The court in reaching this conclusion had difficulty in reconciling an apparent inconsistency between the Negotiable Instruments Law and the General Business Law of the State of New York. The General Business Lawl provides in section 370 that “The rate of interest upon a loan or forbearance of any money, goods or things in action, except as otherwise provided by law, shall be six dollars upon one hundred dollars, for one year, and at that rate, for a greater or less sum, or for a longer or shorter time." Section 373 provides, “All bonds, bills, notes
whereupon or whereby there shall be reserved or taken,
any greater sums, or greater value for the loan or forbearance of any money
than is above prescribed shall be void.
Whenever it shall satisfactorily appear by the admissions of the defendant, or by proof, that any bond, bill, note, assurance, pledge, conveyance, contract, security or any evidence of debt has been taken or received in violation of the foregoing provisions, the court shall declare the same to be void, and enjoin any prosecution thereon, and order the same to be surrendered and cancelled."
Section 96 of the Negotiable Instruments Law, provides that "A holder in due course holds the instrument free from any defect of title of prior parties and free from defenses available to prior parties among themselves, and may enforce payment of the instrument for the full amount thereof against all parties liable thereon.”
Assuming the plaintiff to be a holder in due course, the question presented to the court was whether section 96 of the Negotiable Instruments Law repealed by implication section 373 of the General Business Law, or whether they may be reconciled.

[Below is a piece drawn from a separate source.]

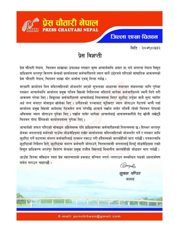 घटनाको निन्दा गर्दै प्रेस चौतारी जिल्ला शाखा चितवनले विज्ञप्ती निकालेको छ । अध्यक्ष सुवास पण्डितले जारी गरेको विज्ञप्तीमा कार्यलयमा दिउसै मातेका कर्मचारीले पत्रकारलाई कुटपिट गर्नु निन्दनीय भएको उल्लेख छ । पत्रकार आचार्यलाई ज्यान मार्ने उद्धेश्यले आक्रमण गरिएकोले कार्यलय प्रमुख मनोज सिंहलाई विभागीय कारबाहीको माग गरिएको छ । मातेको जत्थाले पत्रकार आचार्यको लुटेको मोबाइल हालसम्म फिर्ता नदिएको उल्लेख छ । संविधान प्रदत्त प्रेस स्वतन्त्रताको हकलाई कुण्ठित हुने गरी भएको यस्तो हर्कतको चौतारीले निन्दा गरेको छ ।

Before the Negotiable Instruments Law was enacted in this state, it was well established that a usurious note was absolutely void by statute and had no legal efficacy whatever, even in the hands of a holder in due course.3 The court in the case last cited said that "a note void in its inception for usury continues void forever, whatever its subsequent history may be. It is as void in the hands of an innocent holder for value as it was in the hands of those who made the usurious contract. No vitality can be given to it by sale or exchange, because that which the statute has declared void cannot be made valid by passing through the channels of trade.” The
Consol. Laws 1909, Chap. 20.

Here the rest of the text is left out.